Requirement » Print nothing but the lines from the start of the listing below through the line that contains "Volumul poartă pe". Do not include the pictures.

Supplied data »

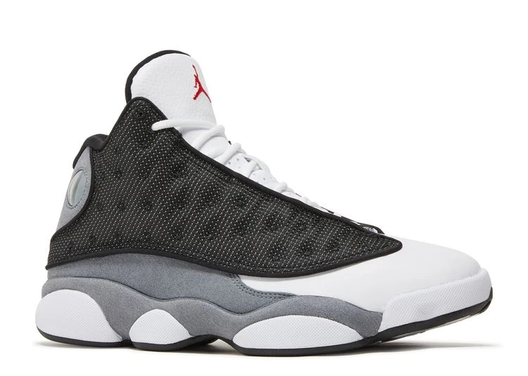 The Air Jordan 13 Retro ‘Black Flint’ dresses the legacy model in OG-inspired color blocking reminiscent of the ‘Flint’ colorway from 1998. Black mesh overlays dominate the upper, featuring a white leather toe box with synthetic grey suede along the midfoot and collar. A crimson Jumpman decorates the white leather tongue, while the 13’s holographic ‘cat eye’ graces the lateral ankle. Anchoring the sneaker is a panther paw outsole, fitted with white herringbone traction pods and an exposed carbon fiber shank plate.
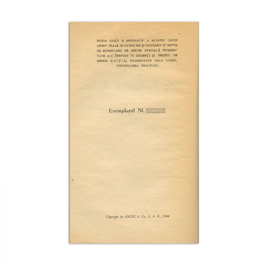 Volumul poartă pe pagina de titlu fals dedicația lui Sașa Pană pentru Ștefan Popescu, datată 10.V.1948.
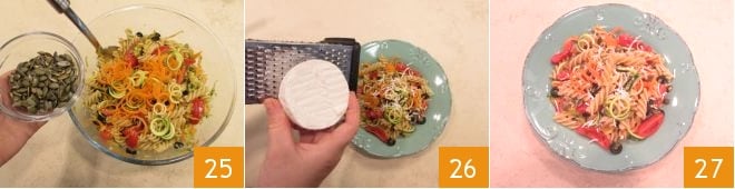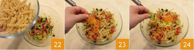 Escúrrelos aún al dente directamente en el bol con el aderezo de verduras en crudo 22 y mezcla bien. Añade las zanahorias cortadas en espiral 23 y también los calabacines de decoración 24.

Written answer »
 The Air Jordan 13 Retro ‘Black Flint’ dresses the legacy model in OG-inspired color blocking reminiscent of the ‘Flint’ colorway from 1998. Black mesh overlays dominate the upper, featuring a white leather toe box with synthetic grey suede along the midfoot and collar. A crimson Jumpman decorates the white leather tongue, while the 13’s holographic ‘cat eye’ graces the lateral ankle. Anchoring the sneaker is a panther paw outsole, fitted with white herringbone traction pods and an exposed carbon fiber shank plate.
 Volumul poartă pe pagina de titlu fals dedicația lui Sașa Pană pentru Ștefan Popescu, datată 10.V.1948.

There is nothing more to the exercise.